HKF moved unsuccessfully for summary judgment in December 1975. In March 1976, the Supreme Court decided Ernst & Ernst v. Hochfelder, 425 U.S. 185, 96 S.Ct. 1375, 47 L.Ed.2d 668 (1976). HKF renewed its motion on the basis of the scienter requirement of that case and this time summary judgment was granted.

SUMMARY JUDGMENT

Summary judgment is appropriate only where there is no genuine issue as to any material fact. Fed.R.Civ.Proc. 56; Lane Bryant v. Maternity Lane, 173 F.2d 559, 565 (9th Cir. 1949). All inferences that can be drawn from the depositions, admissions, and affidavits on file must be viewed in a light most favorable to the party opposing summary judgment. United States v. Diebold, Inc., 369 U.S. 654, 82 S.Ct. 993, 8 L.Ed.2d 176 (1962).

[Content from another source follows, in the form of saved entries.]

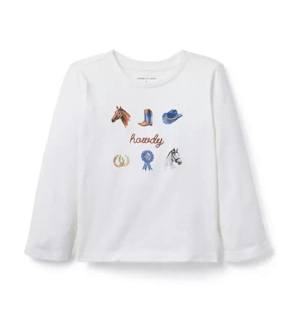 Designed with equestrian inspiration, our soft jersey tee features screenprinted icons and an embroidered Howdy detail too.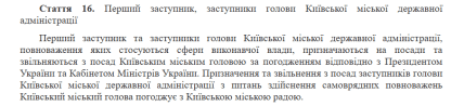 Согласно статье 16 Закона Украины "О столице Украины – городе-герое Киеве", первый заместитель и заместители главы Киевской городской государственной администрации, полномочия которых касаются исполнительной власти, назначаются и освобождаются от должностей Киевским городским головой по согласованию с Президентом Украины и Кабинетом Министров Украины.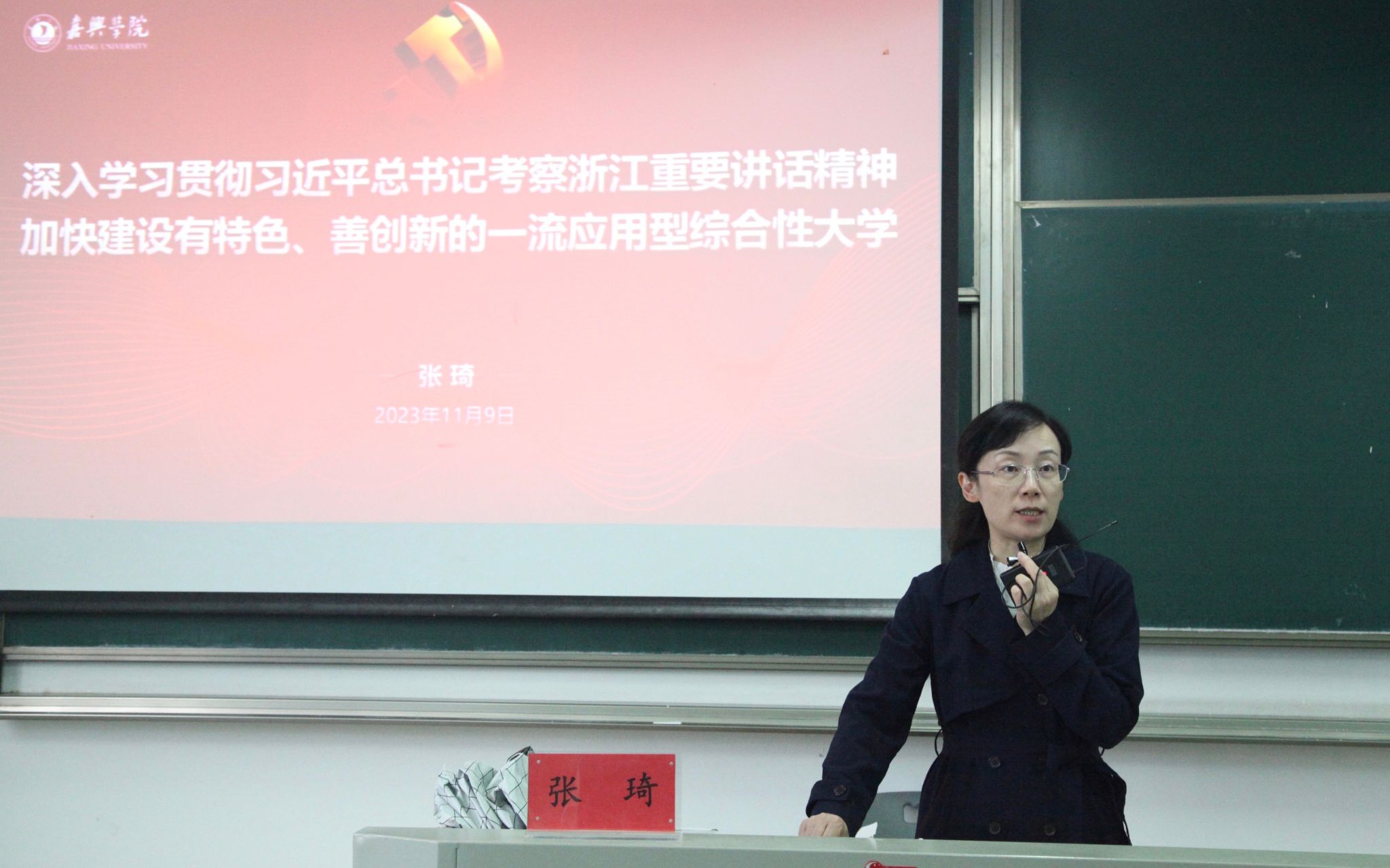 11月9日下午,校党委委员、副校长(主持日常工作)张琦到yd222云顶线路检测中心作主题为“深入学习贯彻习近平总书记考察浙江重要讲话精神 加快建设有特色、善创新的一流应用型综合性大学”宣讲报告会。院长何治主持报告会,学院党政班子成员、全体教职员工现场聆听。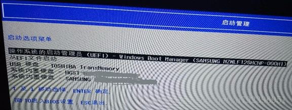 5. 輸入結束后會出現下圖所示“啟動管理”界面,選擇“USB 硬盤”選項后電腦就從你的U盤開始啟動了。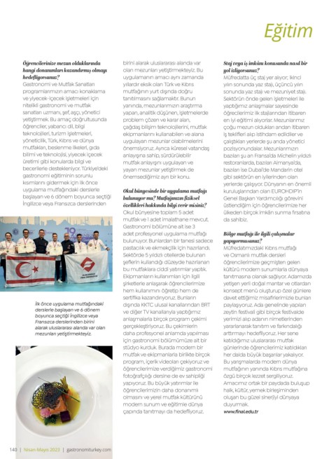 Gastronomi ve Mutfak Sanatları yıllardır eksik olan Türk ve Kıbrıs yılın sonunda yaz stajı, üçüncü yılın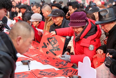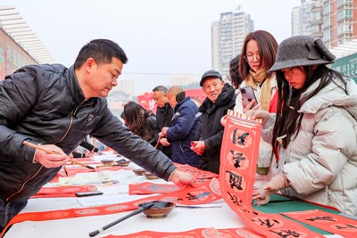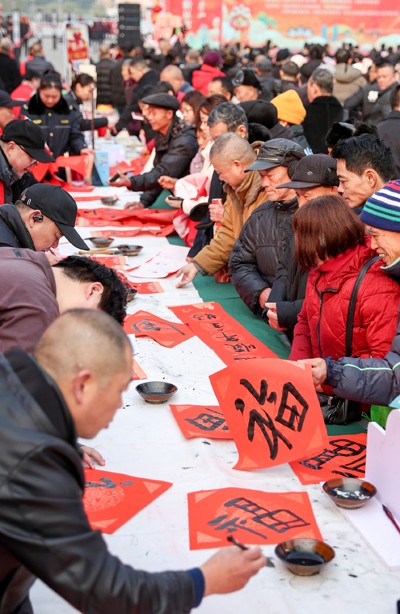 2025年1月20日,四川省华蓥市书法家协会的志愿者来到人流量较大的华蓥山广场,为市民义务书写春联和“福”字等门贴,祝福市民过上一个快乐祥和的新春佳节。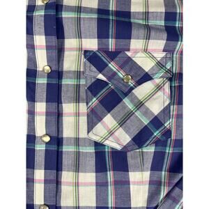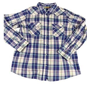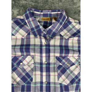 WRANGLER WESTERN PEARL SNAP SHIRT XL BLUE PLAID LONG SLEEVE WOMEN'S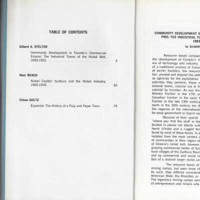 1. "Community Development in Toronto's Commercial Empire: The Industrial Towns of the Nickel Belt, 1883-1931" by Gilbert A. Stelter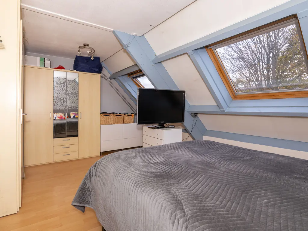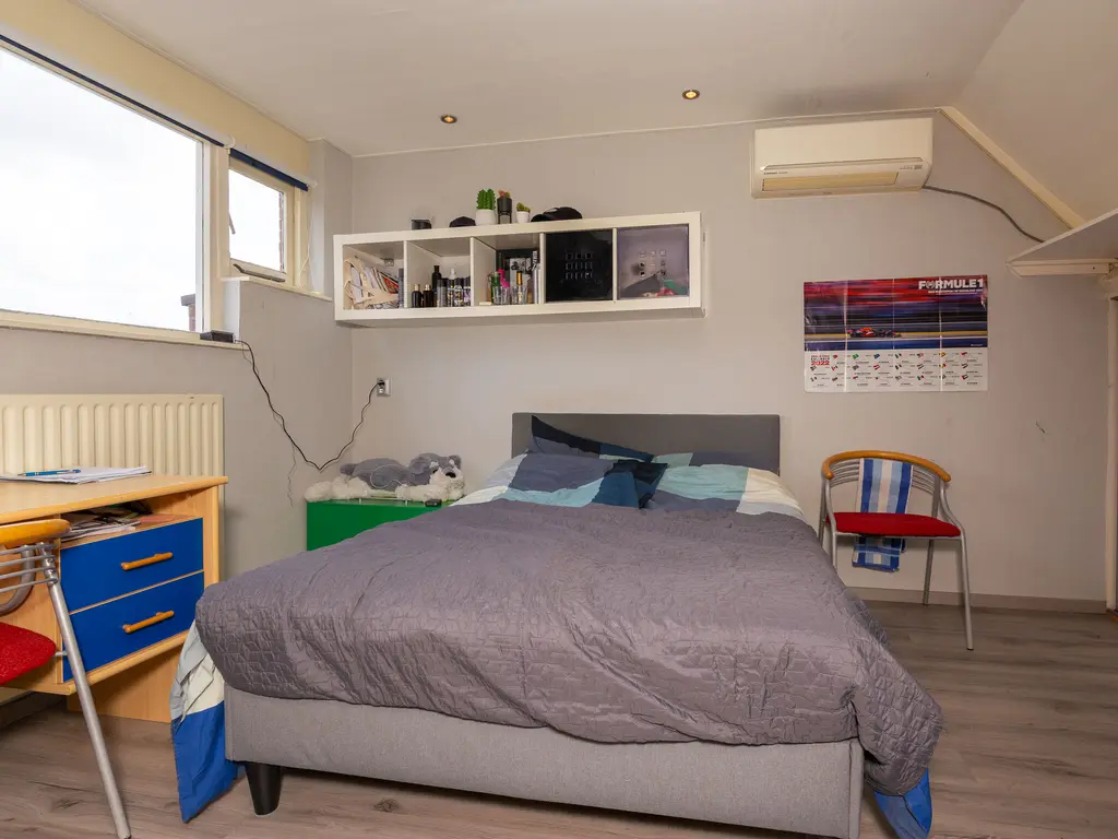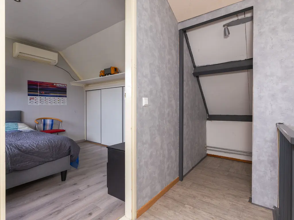 2e verdieping: via een vaste trap bereikbaar, deze is in tweeën opgedeeld, op de voorzolder treft u de CV installatie en de aansluitingen voor de wasmachine en droger. Op deze verdieping is een royale slaapkamer gerealiseerd met airconditioning.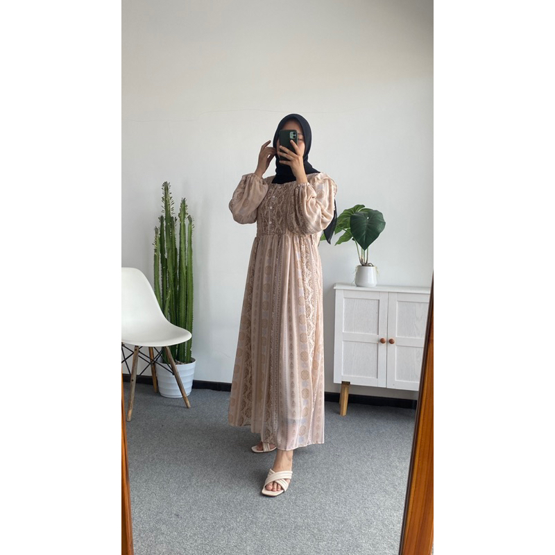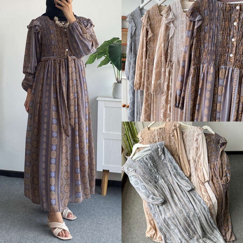 LITTLE BUTIK SHELANI PATTERN LONGDRESS PROMO RAMADHAN GAMIS PEREMPUAN GAMIS WANITA ALL SIZE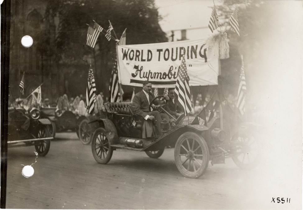 View of motorists in world touring Hupmobilecar in parade during Cadillaqua celebration in Detroit, Michigan. Car is decorated with American flags and a "World touring Hupmobile" banner. Stamped on back: "Spooner & Wells, Inc., photographers, 1231 Woodward Ave., Detroit, Mich., telephone North 1745." Handwritten on back: "Cadillaqua celebration, Detroit, 1912."

A genuine issue must be predicated on a viable legal theory. McGuire v. Columbia Broadcasting System, Inc., 399 F.2d 902, 905 (9th Cir. 1968). In this circuit, prior to Ernst & Ernst v. Hochfelder, 425 U.S. 185, 96 S.Ct. 1375, 47 L.Ed.2d 668 (1976), scienter was not a necessary predicate for liability under § 10(b) and Rule 10b-5. See, e. g., White v. Abrams, 495 F.2d 724, 734-35 (9th Cir. 1974). We applied a “flexible duty” standard incorporating many factors to determine whether the defendants had a duty to disclose information relevant to the purchase or sale of securities. Id.

The district court denied summary judgment under the applicable Ninth Circuit standard, but granted it after Hochfelder clearly established that scienter is an element of Rule 10b-5 violations. Because this change in the applicable legal standard was the only event intervening between the denial and grant of summary judgment, we must assume that the trial court believed there were genuine issues of material fact under the old standard but that appellants failed to establish a genuine issue with respect to scienter.

Scienter

Appellants argue that the trial court erred in interpreting too strictly the scien-ter requirement. They contend that the element of scienter may be established by proof of reckless behavior, and that the pleadings and depositions on file raise a genuine issue of material fact as to whether [381]*381HKF acted recklessly in supplying Marcon-sult with the 16-month statement.

In Hochfelder, the Court reserved the question whether “reckless behavior is sufficient for civil liability under § 10(b) and Rule 10b-5.” 425 U.S. at 193-94 n.12, 96 S.Ct. 1375,1381, 47 L.Ed.2d 668.